In rural and lower density areas though, transit, in reality, is absolutely stupid, environmentally unsound, wasteful, destructive, time consuming, costly, and in general… beyond high density urban use it is a BAD idea…
But I digress, I love my streetcars and my urban areas. Everyone else can have their damnable suburbs.
Wow, that’s the stupidest logic I’ve ever heard from Anonymous.
I’m not sure where you got 5k from, every calculation I’ve done get’s me closer to 10k.
And if it’s a problem, move from the suburbs.
I’ve done the math from a 20 mile outside the downtown area. I still save myself 7k a YEAR by not having a car.
Rent is almost a grand per month in the city, but you factor in $300 in car payments plus $200 in car insurance plus at 30 mpg (HA!) and a 15 mile each way commute (and that’s assuming NO traffic or outside commute use) brings your monthly cost of having a car in at about $600. So unless you pay $400 for rent, never sit in traffic, and always park for free you’re costing money, time, energy and the environment.
I live and work downtown. I make sure my commute takes me 20 minutes or less. On the weekends, buses run just like any other day IF you live where it matters.
If more people rode on the weekends, their would be more frequent routes. Don’t believe me? Look at the UDist and Downtown. Ridership stays up and bus frequency is just as much as on the weekedays (plus they are actually closer to ontime)
If you’re going to start spouting numbers, make sure you use your name so we can figure out WHO is doing the numbers wrong.
Do you seriously waste 4 hours sitting at a bus stop? I usually arrive about 5 minutes before it comes, so I figure I waste all of 1/4 of an hour waiting for buses any day of the week.
First of all I don’t know which routes you are looking at with 8 passengers, but my routes are full all the time, in all honesty Sunday night can dip in numbers. There is one important thing people need to think about, Routes are usually strung together (ie 15 turns into 22 or 56) There are different times when you see the bus that maybe a few stops before a bunch got off? Maybe the route gets full closer to the end of the line. Just because someone sees 8 people on at that one spot doesn’t mean that is the total for the whole line that day. It is a misconception! I guess Metro is the only one with those answers when they do counts. People have no way of determining whether a bus is underutilized unless they ride the whole line.

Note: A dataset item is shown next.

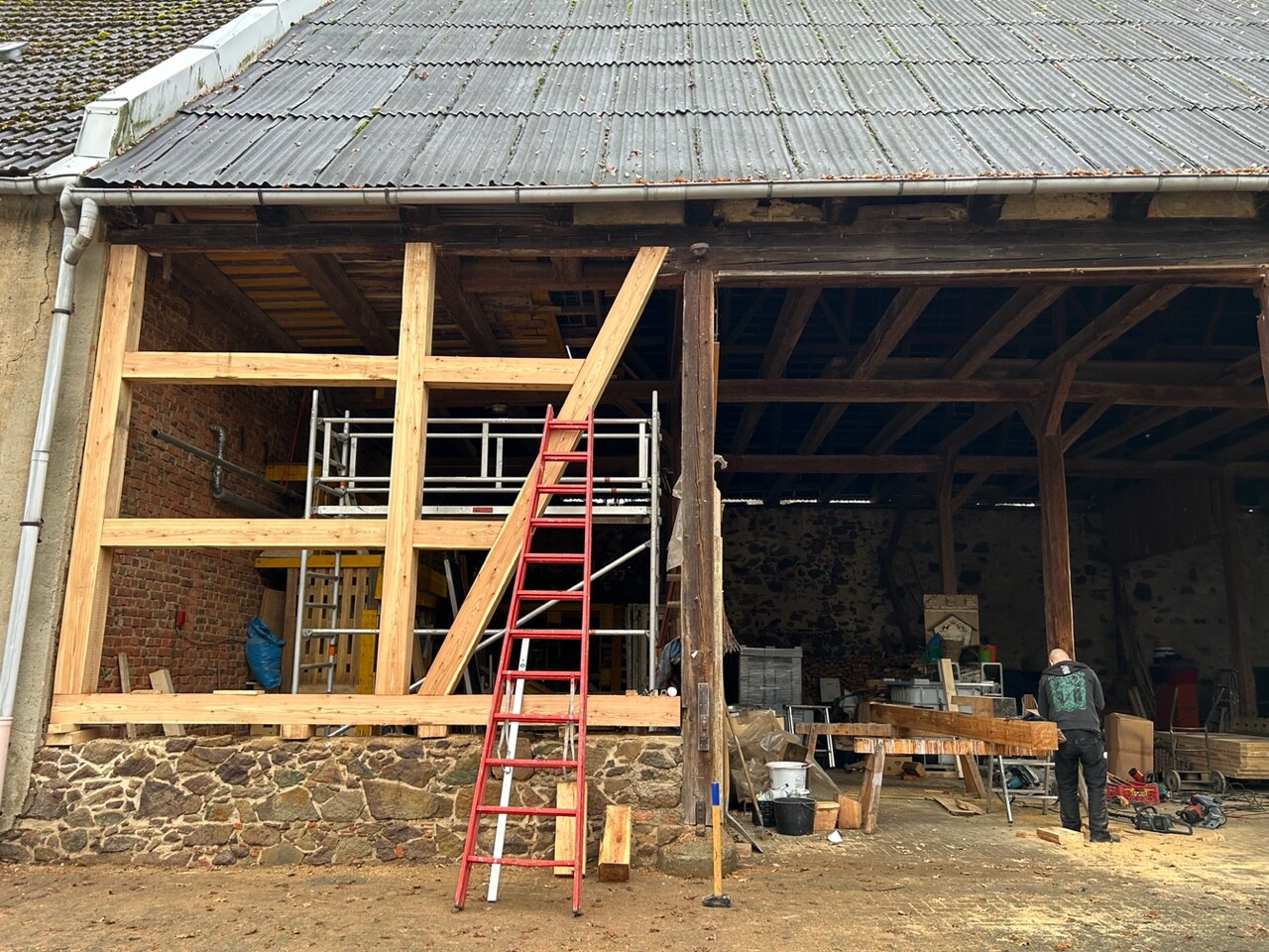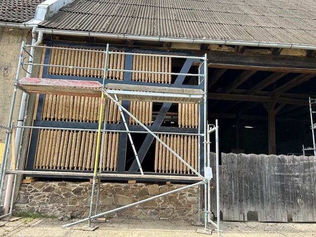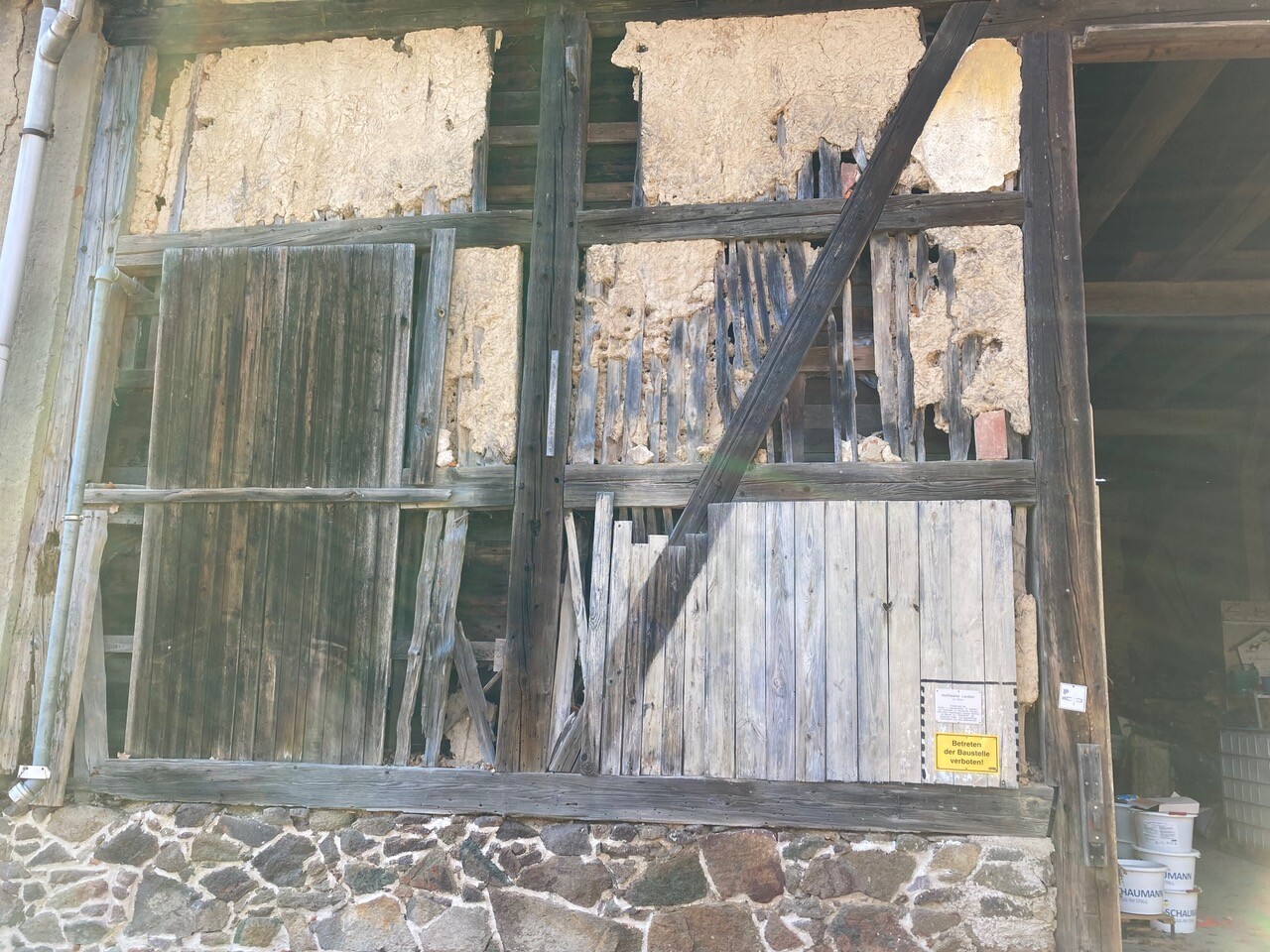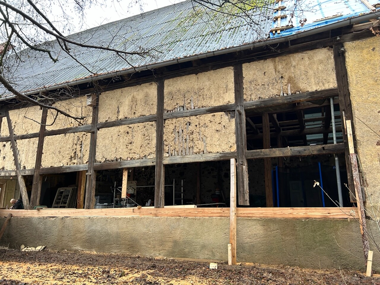 In der alten Scheune werden marode Holzbalken ausgetauscht und die kaputte Lehmwand abgetragen.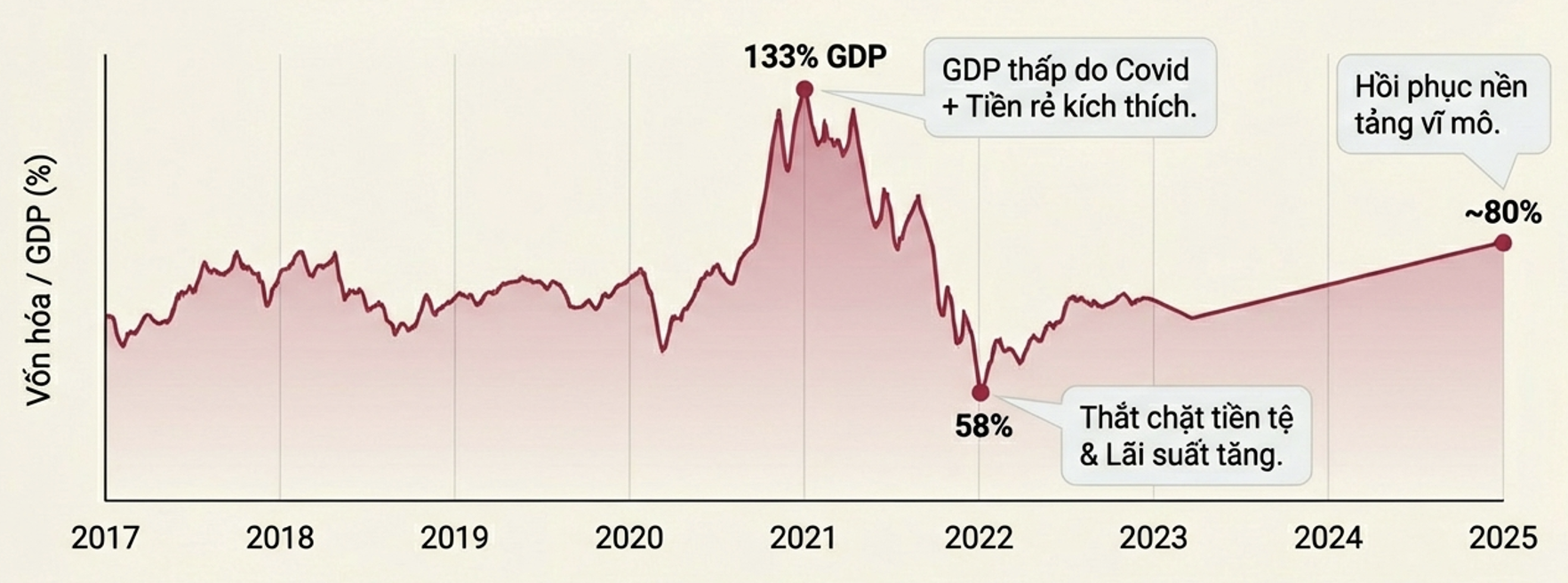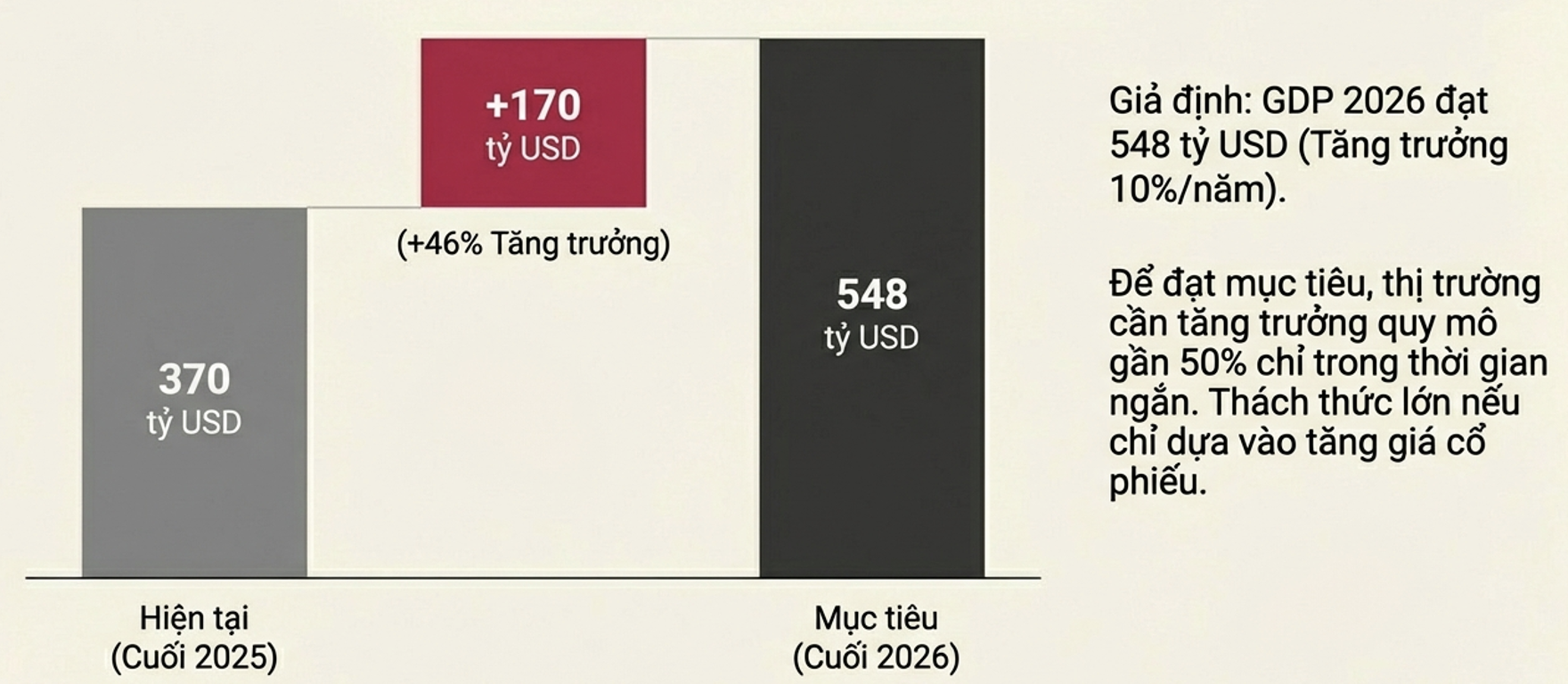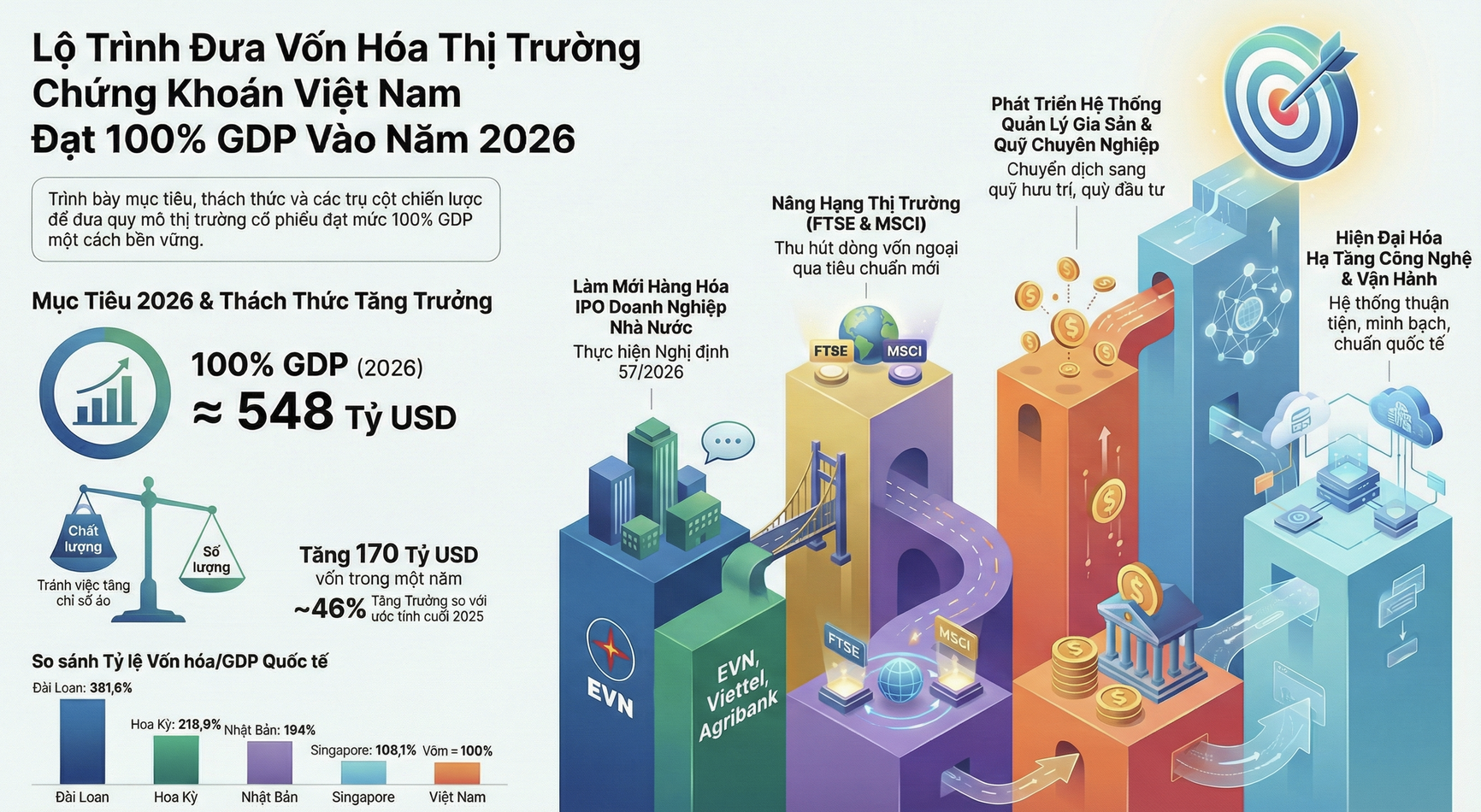 Để thị trường chứng khoán Việt Nam đạt quy mô ít nhất 100% GDP một cách bền vững, trọng tâm không chỉ nằm ở việc đạt được bề nổi của con số mà là phải nâng cao chất lượng của cả nền kinh tế (mẫu số GDP) và quy mô vốn hóa thị trường (tử số).

I bought my Chevy Aveo with cash, so I am not familiar with this “car payment” of which you speak.
Furthermore, $200 for insurance?! You must have an abhorrent accident record. I pay less than one-fourth that.
Add just a tank of gas every week and a $75 monthly parking space, and I pay about $400 a month on my car. Tack on $50 more for carbon offsets, and I have a net carbon footprint of much less than even your average Metro rider.
I also don’t have to worry about my neighborhood being deemed “important” enough to have frequent daily bus service by some autocratic bureaucrats down at Metro headquarters. Cars enable men to be truly free in where they want to live; buses strangle development and tie it to a so-called “master plan” of favored neighborhoods. Ever notice how few Metro buses go to certain neighborhoods? I sure do, and I have a term for that.
It feels like a big piece of disagreement between the two sides of this debate come from past bus experiences.
Take anonymous#3’s comment: “Add in another hour per weekday of bus travel time”. Clearly this person has had bad bus experiences. As the system stands, the but is not likely a good solution for a3. However, a friend of mine saves about an hour a day by riding the bus, thanks to the wonders of the carpool lane. These two likely will never agree on whether transit is a good idea, because they are effected very differently by the bus system.
Unless… someone comes along and builds a faster transit solution for a3. Maybe then s/he will give it another chance.